Edward Carpenter says:

“We see that there is in man a creative thought-source continually in operation, which is shaping and giving form not only to his body, but largely to the world in which he lives. In fact, the houses, the gardens, the streets among which we live, the clothes we wear, the books we read, have been produced from this source. And there is not one of these things—the building in which we are at this moment, the conveyance in which we may ride home— which has not in its first birth been a mere phantom thought in some man’s mind, and owes its existence to that fact. Some of us who live in the midst of what we call civilization simply live embedded among the thoughts of other people. We see, hear, and touch those thoughts, and they are, for us, the World. But no sooner do we arrive at this point, and see the position clearly, than another question inevitably rises upon us. If, namely, this world of civilized life, with its great buildings and bridges and wonderful works of art, is the embodiment and materialization of the thoughts of Man , how about that other world of the mountains and the trees and the mighty ocean and the sunset sky—the world of Nature—is that also the embodiment and materialization of the thoughts of other beings, or of one other Being? And when we touch these things are we also coming into touch with the thoughts of these beings?”

The Vedanta is then seen to be based upon the fundamental thought that there exists but One Reality, and that, consequently, all else that seems to exist is but maya or illusion. This One reality is called “Brahman” or “That,” the latter term being applied by some of its philosophers who hold that no name should be applied to the Nameless One. Brahman is held to be “beyond qualities or attributes; beyond subject or object; the efficient cause of the universe in its mental and material appearance; creator and created; doer and deed; cause and effect; self-existent; absolute; infinite; eternal; indivisible and immutable; all that is, ever has been, or ever will be.” Max Muller states the Vedanta philosophy in a nutshell when he says: “ In one-half verse I shall tell you what has been taught in thousands of volumes: Brahman is true, the world is false; the soul is Brahman and nothing else .”

“The Vedantist holds that there being but One, and that one being Brahman, there can be nothing else than Brahman; hence, the phenomenal universe, including the idea of individual souls, is mere maya or illusion; the universe being but an idea in the mind of Brahman —a mere reverie, meditation, or daydream of the Absolute One. This then is the essence of the Vedanta, the remainder of the teachings being but an attempt to work out the how of the manifestation of the illusory universe which arises from “Maya, the inexplicable illusion, self-imagined, that is illusorily overspread upon Brahman.” It is taught that “the total period of the creation, existence, and death of the universe is but as the twinkle of an eye to Brahm.”

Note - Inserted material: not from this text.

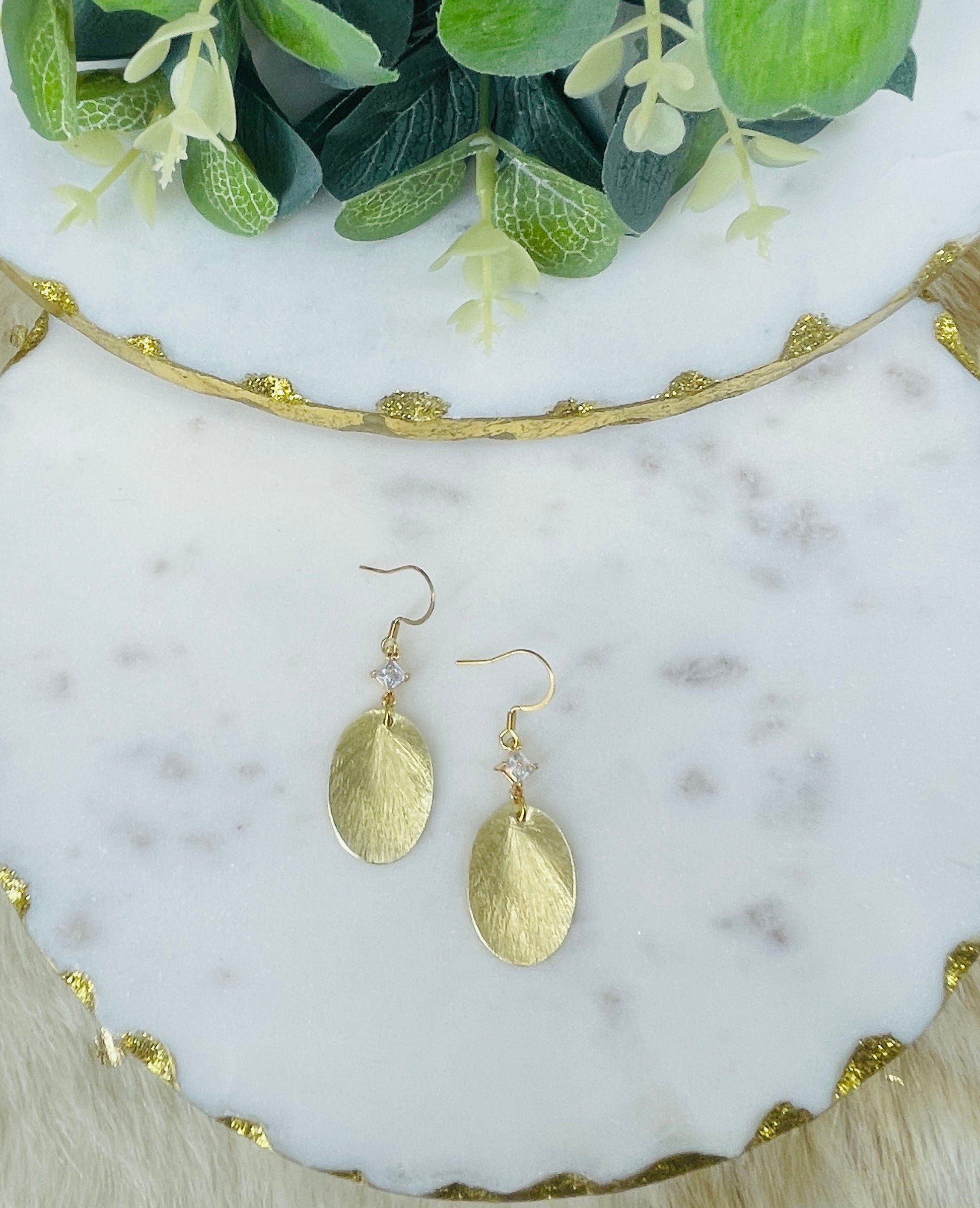 CZ & Brushed Gold Pendant Earrings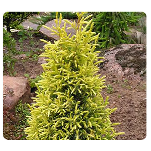 Це дуже щільний, симетрично-циліндричної форми сорт, що не вимагає корегуючої стрижки. У молодому віці має яйцеподібну форму крони. Забарвлення золотистого кольор

The position of Christian Science is that the Divine Mind images and idealizes only the things and qualities which, like itself, are pure and perfect; and that therefore all that is not pure and perfect cannot be the idea of the Divine Mind, but must, on the contrary, be the product of “mortal mind” and, therefore, must be unreal, untrue, illusion, error, lies. This position is also taken by many of the independent metaphysical cults of the day, who have come under the influence of the Christian Science teachings, and who have appropriated some of its fundamental ideas. But differ as may the modern schools, their fundamental premise is that “All is Mind,” and when they so assert they place themselves in the direct line of inheritance with the teachings of the Vedanta and the still older schools of Hindu thought from which the Vedanta itself sprang. Idealistic Monism is older than recorded Hindu history, and undoubtedly had its origin among the earliest races on earth, the names and histories of which have passed from human memory. These “newest” thoughts of the so-called “New Thought” of the day are in reality the very oldest thoughts of the race . Verily, “there is nothing new under the sun.”